New ProHistory of the Lesbianism in the United StatesjectPresentation Transcript
Presented by: Jessica Scarfogliero History of Lesbianism in the United States
Lesbian history has long been tossed into the category of "Romantic friendship", tracked back to the Renaissance, being ever so properly misrepresented by the word "friendship”. The acceptance of lesbianism has gone down a long, difficult road. Today the road is somewhat easier to travel.
We’ve come a long way baby……citizens, educated, capable of earning a living, declaring freedom from men.
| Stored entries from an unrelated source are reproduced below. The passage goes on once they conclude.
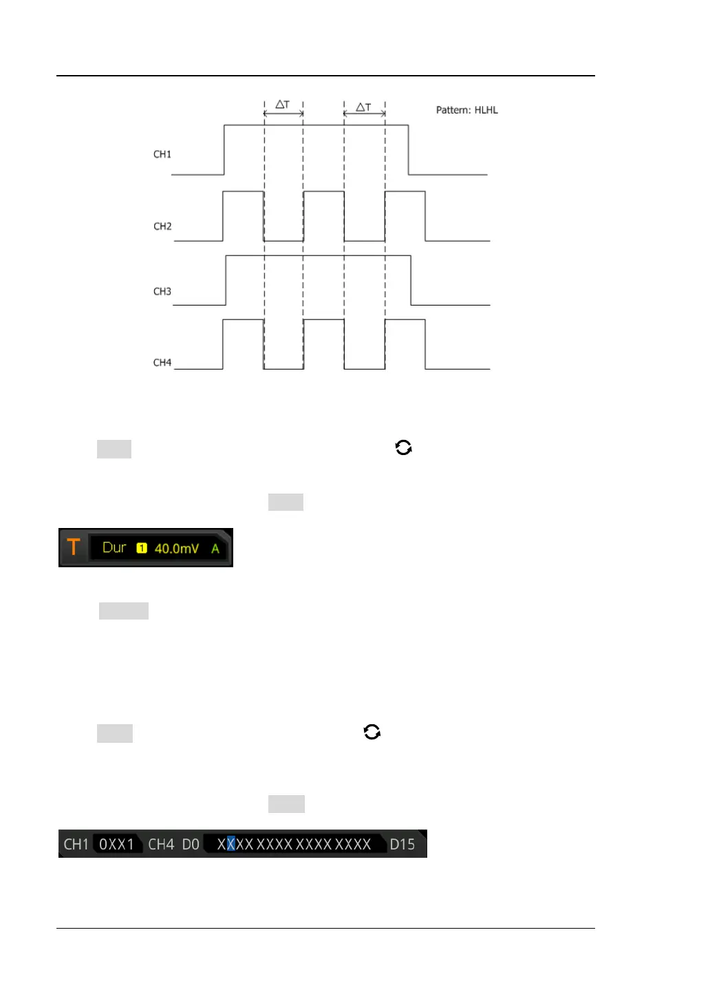 ⚫ H: sets the pattern of the channel selected to "H", i.g. the voltage level is higher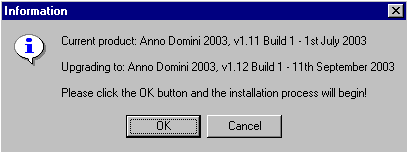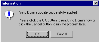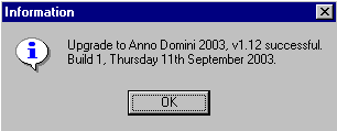 Click the “OK” button and Anno Domini 2003 will appear and the upgrade is completed.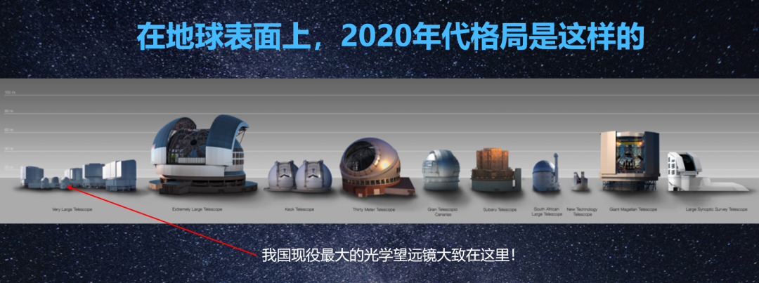 在21世纪的20年代,国际上天文望远镜的形势是:有若干台10米以上的光学望远镜,还有正在建造的三台30-40米的大型设备。中国的望远镜是什么情况呢?中国最大的望远镜,和国际上一代10米望远镜配套的辅助望远镜的口径是一样的,最大的口径只有2.4米,这种形势对我国来说非常紧迫。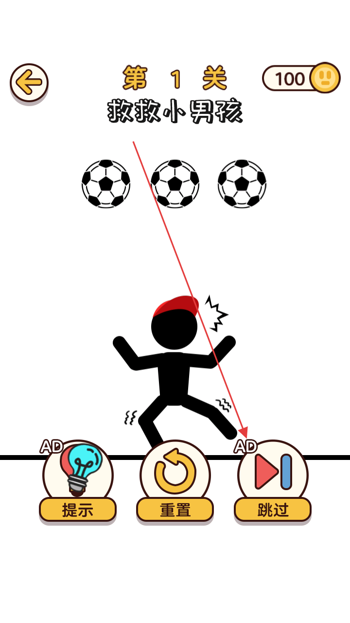 2、在关卡内,观察场景(如躲避足球、解救目标),利用下方“提示”“重置”等功能,尝试操作解谜。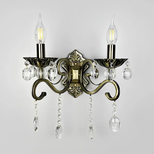 Бра підсвічник на 2 лампи із кришталевими підвісками у бронзовому корпусі

In 1892, suffrage supporter Mary Grew described her life with Margaret Burleigh, shortly after Burleigh’s death, as a friendship with a closer union than most marriages. Among their abolitionist and suffrage connections, it was always known that they shared a home and a bed.
Susan B. Anthony felt that along with the right to vote came, which came 14 years after her death, an acceptance that women were equal to men and should be considered so in every area of life. Anthony was openly with her lover Emily Gross in 1896.
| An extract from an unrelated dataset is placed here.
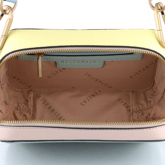 Zažijte eleganci a funkčnost s crossbody kabelkou od značky Hispanitas. Tato malá, ale prostorná kabelka je ideální volbou pro ty, kteří hledají stylový doplněk na každodenní nošení. Vyrobena z pevné strukturované syntetiky, která zaručuje, že kabelka drží svůj tvar, nabízí pěknou kombinaci mintové, tělové, pastelové žluté a blankytně modré barvy. Díky odepínatelnému textilnímu ramennímu popruhu s regulací délky je nošení pohodlné a přizpůsobivé. Praktické uzavírání na dvoucestný zip umožňuje snadný přístup k obsahu, zatímco vnitřní kapsičky poskytují prostor pro cennosti. S rozměry 20 cm x 12 cm x 7 cm je ideální na nezbytnosti, které potřebujete mít vždy po ruce.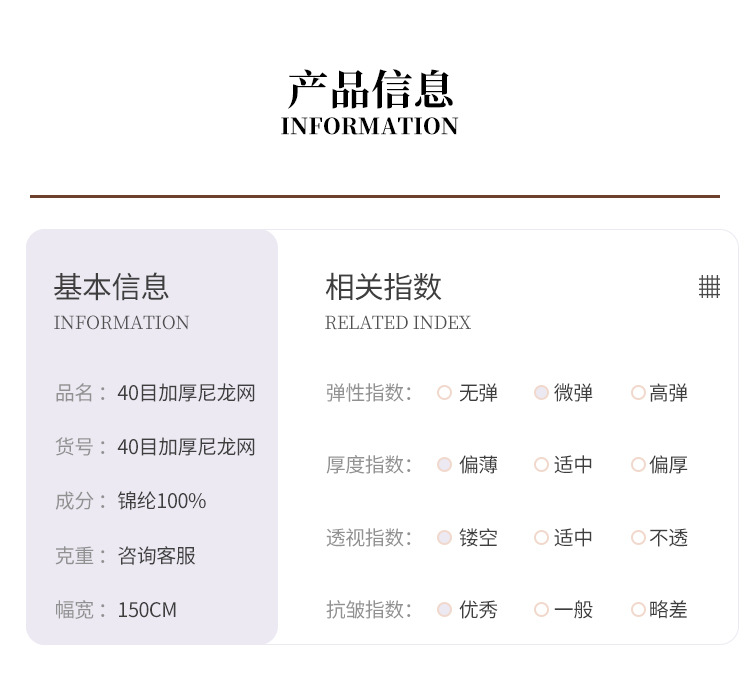 40-mesh thickened nylon mesh fabric for women's, children's, wedding and dress, nylon mesh denser mesh fabric

In 1920, the 19th amendment was passed
giving women the right to vote.
Women are finally equal !
In 1964, the Civil Rights Act made gender discrimination illegal creating a brighter world for many women, which many lesbians decades earlier paved the way for.
Both Martha Elliot and Ethel Dunham, a lesbian couple, succeeded in times where many women were unable to. Both women began John Hopkins Medical School together in 1914, a class of 11 women and 84 men.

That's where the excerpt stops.